For a number of reasons, I am not certain that “clear and convincing” is actually the required and appropriate evidentiary standard. I can go into that, but its a deep dive and most find it is tmi.
Intentional is a pretty arbitrary mens rea applied in a civil context. We aren’t talking about a criminal offense - yes what they did was criminal, but that isn’t part of the election contest statute. And we even impose culpability with potential lengthy incarceration time under both negligence and recklessness. So I am unsure why this is the standard - it is not prescribed by the legislature in the statute. They could have written “intentional misconduct” but they chose to omit that word. We are to assume that the absence of a term in a statute is the equivalent of its exclusion unless otherwise noted.
In tort law, “intentional” means that you intended the act. Not that you intended the outcome. Culpability in most personal injury torts does not hinge on whether you intended to harm someone; only that you intended the act that inflicted the harm.
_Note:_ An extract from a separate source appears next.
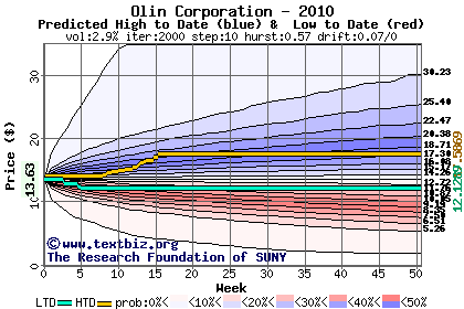 The high to date and low to date prices of the stock plotted against a random walk model for 2010 (what's this?).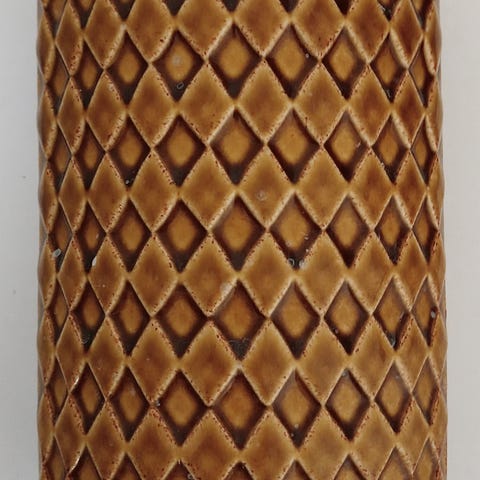 Arabia Harlekiini, Kaarina Aho, valmistettu 1959-65. Koriste-esine, ruskea keraaminen maljakko. Pinta on kohokuvioitu timanttimaisella kuviolla kauttaaltaan. Muoto on soikea ja yläreuna hieman epäsymmetrinen. Lasitus on kiiltävä ja sävy vaihtelee ruskean eri tummuusasteissa. Sopii esimerkiksi pienenä maljakkona tai sisustusesineenä. Pieni lähes huomaamaton lohkeama ( näkyy viimeisessä kuvassa). Korkeus 16cm, suuaukon halkaisija 6,5-10,5cm

In an elections contest context, simply changing the printer configuration is an intentional act. Skipping the chain of custody forms for drop box votes until they arrive at a central facility is an intentional act. To be considered unintentional, it would require a showing of force, coercion, incapacitation, or sleep. Failing to act by itself, without more, would be unlikely to be considered intentional. Failing to act time after time after time after time would not rise to the level of intentional, but it would be quite easy to find recklessness. Which is often treated the same as intentional.
Disenfranchisement would warrant some sort of remedy. But that was the weakest part of the argument. There is no reliable way to ascertain how many people this prevented from voting. We know it did. But it is pure speculation in any other form. Judge didn’t like it because its a big 17k margin to overcome with basically a guess as to whether it altered the outcome or not. It is probably wrong to consider this question in a vacuum without viewing it in light of the other misconduct claim. I can understand his reluctance on that basis. You gotta be able to identify a sufficient number of people who didn’t cast a vote specifically on this basis. That will be virtually impossible. You’d never know who was a hack plant to sabotage your evidence at trial and who was legitimately disenfranchised.
The inability to get the necessary evidence an ordinary civil case would provide along with time to perfect arguments is the crime of this statute. It never contemplated this kind of shenanigan. If this judge is correct in his application of the law and the standards, this law is incapable of providing relief from lawless elections.